Very nice shot!  I have an old 300D that I have thought about converting to IR but I just havn't pushed myself to do it yet?  It's pictures like these that make me want to do it even more.  Great job!


----------



## abraxas (Apr 28, 2008)

Roger,

However, whatever, very fine image.


----------



## stoic (May 1, 2008)

Wow!  Where was the shot taken?  However you did it it's brilliant!  Thanks for telling us how.  Might try the technique myself if the sun ever shines again here.  Nothing but rain here for the last few days.
Stoic


----------



## Roger (May 4, 2008)

surfnturf said:


> Very nice shot!  I have an old 300D that I have thought about converting to IR but I just havn't pushed myself to do it yet?  It's pictures like these that make me want to do it even more.  Great job!

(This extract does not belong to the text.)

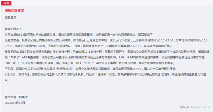 網友留言三天后,重慶交通開投集團回復:經所屬公交集團西部公交公司核實,823路運行五龍廟至芳草地,線長運行14公里,五龍廟開收班時間為6:15-22:00,芳草地開收班時間為6:15-22:00,高峰班次間隔為4-6分鐘,平峰班次間隔為6-10分鐘,現配備運力31臺,車輛每班車載客量55人左右,基本滿足乘客出行需求。

thanks very much...get the 300D converted you won't regret it ....I might add that quality lenses produce the best results.



abraxas said:


> Roger,
> 
> However, whatever, very fine image.



thanks a lot abraxas.



stoic said:


> Wow!  Where was the shot taken?  However you did it it's brilliant!  Thanks for telling us how.  Might try the technique myself if the sun ever shines again here.  Nothing but rain here for the last few days.
> Stoic



thanks very much....it was taken near Cansiglio in the Dolomite Mts, Northern Italy.....about an hour from where I live. One thing you can count on in England is rain eh.


----------